1. Reduction of Order

Hi all,
I'm currently doing a problem based on reduction of order. The question goes:
Consider the DE $L[y] = x(1+3x^2)y''+2y'-6xy = 0$. Given that $y_{1} = \frac{1}{x}$, find a second linearly independent solution.

I can see that the solution to this equation is in the form $y_{2} = u(x)y_{1}$. That means $y_{2} = u(x)x^{-1}$. After rearrange the DE to $L[y_{2}] = y''+\frac{2}{ x(1+3x^2)}y'-\frac{6x}{ x(1+3x^2)}y$, I can see that the LDE for $u'$ will be of the form $u''+(\frac{2y'_{1}+\frac{2}{ x(1+3x^2)}y_{1}}{y_{1}})u'=0$. This simplified to the LDE $u''-\frac{6x}{1+3x^2}u'=0$.
To solve for $u'$, I found an integrating factor $e^{\int\frac{6x}{1+3x^2}dx} = \frac{1}{1+3x^2}$. Using this integrating factor, solving for $u'$:
$\frac{d((\frac{-6x}{(1+3x^2)^2})u')}{dx}= 0$
$\frac{-6x}{(1+3x^2)^2})u' = C$
Therefore $u'=-\frac{C(1+3x^2)^2}{6x}$
When integrating to find u, I'm left with this horrible equation:
$u = \frac{-C(4ln(x)+3x^2(3x^2+4))}{24}+D$
I feel this is completely wrong.
I was wondering if someone could look over my work here and point me in the right direction.

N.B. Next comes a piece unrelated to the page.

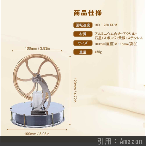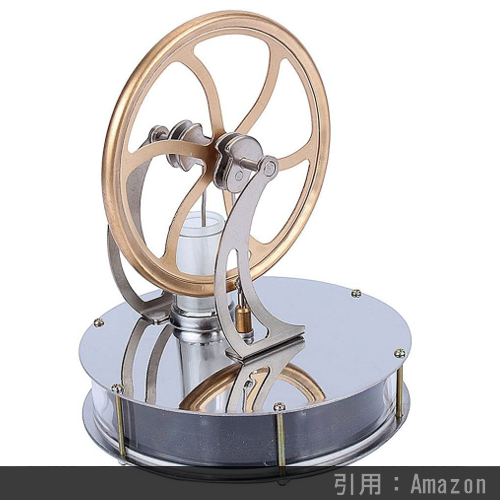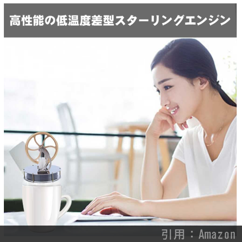 ホットコーヒーや冷たい氷水などの上に置いて温度差生じさせ、手で少しだけホイールを回転させると勝手に回り続けるスターリングエンジンです。小さな機械が一生懸命動作している様子は、可愛らしく、癒やされるというレビューも多く、大人の『ちょっと変わった』インテリアとして面白いです。カップ麺の蓋上で待ち時間を楽しむのにも良いでしょう。

2. Originally Posted by Silverflow
Hi all,
I'm currently doing a problem based on reduction of order. The question goes:
Consider the DE $L[y] = x(1+3x^2)y''+2y'-6xy = 0$. Given that $y_{1} = \frac{1}{x}$, find a second linearly independent solution.

I can see that the solution to this equation is in the form $y_{2} = u(x)y_{1}$. That means $y_{2} = u(x)x^{-1}$. After rearrange the DE to $L[y_{2}] = y''+\frac{2}{ x(1+3x^2)}y'-\frac{6x}{ x(1+3x^2)}y$, I can see that the LDE for $u'$ will be of the form $u''+(\frac{2y'_{1}+\frac{2}{ x(1+3x^2)}y_{1}}{y_{1}})u'=0$. This simplified to the LDE $u''-\frac{6x}{1+3x^2}u'=0$.
To solve for $u'$, I found an integrating factor $e^{\int\frac{6x}{1+3x^2}dx} = \frac{1}{1+3x^2}$. Using this integrating factor, solving for $u'$:
$\frac{d((\frac{-6x}{(1+3x^2)^2})u')}{dx}= 0$
$\frac{-6x}{(1+3x^2)^2})u' = C$
Therefore $u'=-\frac{C(1+3x^2)^2}{6x}$
When integrating to find u, I'm left with this horrible equation:
$u = \frac{-C(4ln(x)+3x^2(3x^2+4))}{24}+D$
I feel this is completely wrong.
I was wondering if someone could look over my work here and point me in the right direction.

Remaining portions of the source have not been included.